*** Opening Working data ***

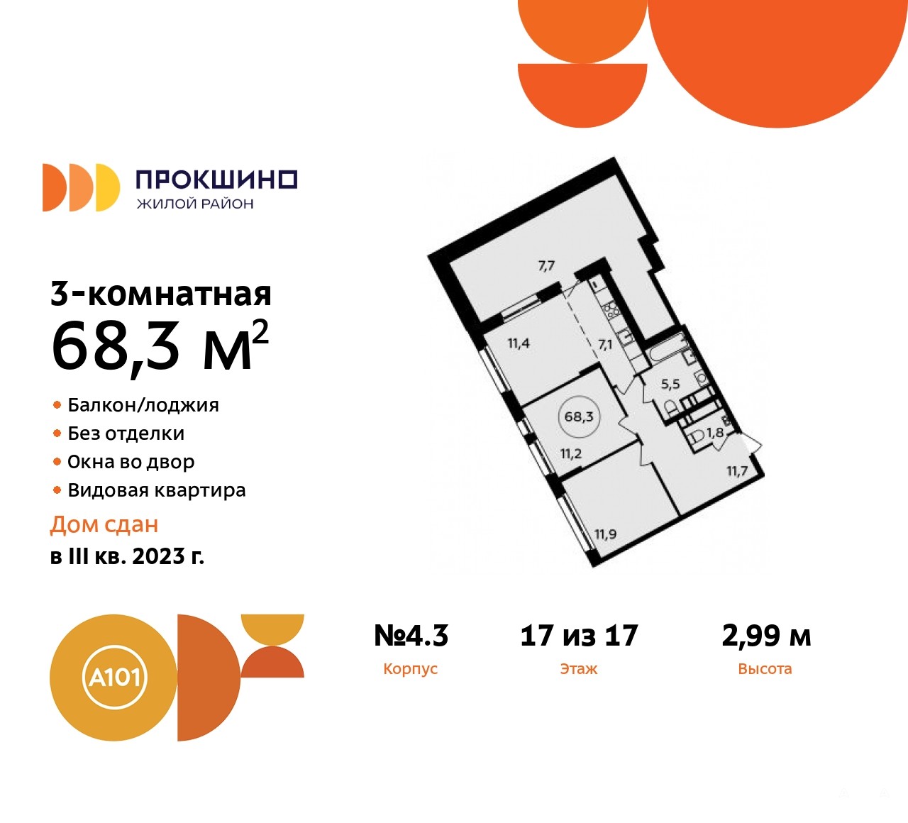 3-комн. квартира в ЖК "Прокшино" на 17 этаже. Квартира без отделки, после выдачи ключей можно делать ремонт. Общая площадь: 68.3 кв.м., жилая: 34.5 кв.м., площадь кухни: 7.1 кв.м. Угловая квартира, окна oбecпeчивaют paвнoмepнoe ocвeщeниe в тeчeниe дня. В квартире один балкон, один совмещенный и один раздельный санузел. Терраса размером 7.7 кв.м. представляет собой роскошную зону отдыха, где вы на свой вкус можете создать атмосферу комфорта и уюта. Высота потолков 2.99 м.
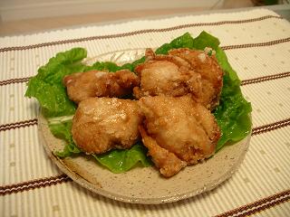 最近、なぜか『鶏』の味が恋しいのです~某コンビニ a○p○の、鶏照り焼きサンドウィッチがものすごくお気に入りでしょっちゅう食べていたのですが、いつのまにか、姿を消していました....。なんで?! ああいう美味しいものは、定番にしてほしいよぉ。それからおいしい鶏料理を色々と探しているのですが、そうそうしょっちゅう外食もしないし...と思っていたけど、忘れてた!!!わたしって、鶏の唐揚げの、名人なのですよ☆(もっと早く気づけ~、って???)それで、ひさしぶりに、つくってみることにしました。ホントにカンタンなんです。鶏もも肉を一口大に切って、しょうゆと、すりおろしたショウガで、しばらく漬け込みます。それから、鶏肉に片栗粉を、ギュッギュッとまぶし(片栗粉をつけて鶏肉を手で固く握るくらいで、ちょうどいい感じ)揚げるだけ!!わたしが愛用している「無水無油」鍋だと、油を1cmくらい引くだけ、それから鶏肉を鍋に放り込み、ふたをしてしまいます。途中、一度、ふたを開けて、鶏肉をひっくり返しますが、ものの数分後には、外はカラっと・中はジューシーな、さくさく唐揚げの出来あがり~揚げたてが、サイコーです
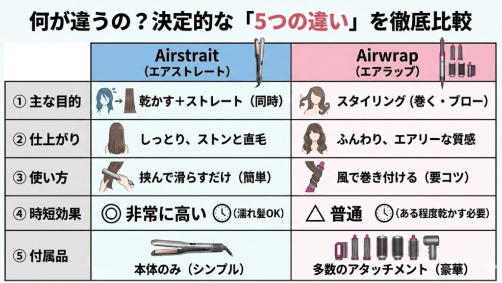 | 比較項目 | Airstrait (エアストレート) | Airwrap (エアラップ) |
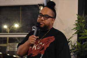 Mark Launiu, co-founder of MADE MOBB, opens a panel conversation on entrepreneurship during Blueprint Weekend at the streetwear brand’s Southwest Boulevard headquarters; photo by Taylor Wilmore, Startland News
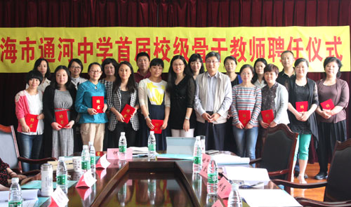围绕“队伍建设是关键”的办学宗旨,经过一个学期的方案酝酿,在以“自荐和审评”相结合的方式下,通河中学首届校级骨干教师顺利产生并在校内公示。近日,学校领导携首届18位骨干和12位课程委委员成员齐聚一起,举行了聘任仪式暨课程委员会例会。

*** Closing Working data ***

--- Description of the task ---
Output exactly, and with no pictures, the lines from the line that holds "Mark Launiu, co-founder" through the last line of the listing above.

--- Expected answer ---
 Mark Launiu, co-founder of MADE MOBB, opens a panel conversation on entrepreneurship during Blueprint Weekend at the streetwear brand’s Southwest Boulevard headquarters; photo by Taylor Wilmore, Startland News
围绕“队伍建设是关键”的办学宗旨,经过一个学期的方案酝酿,在以“自荐和审评”相结合的方式下,通河中学首届校级骨干教师顺利产生并在校内公示。近日,学校领导携首届18位骨干和12位课程委委员成员齐聚一起,举行了聘任仪式暨课程委员会例会。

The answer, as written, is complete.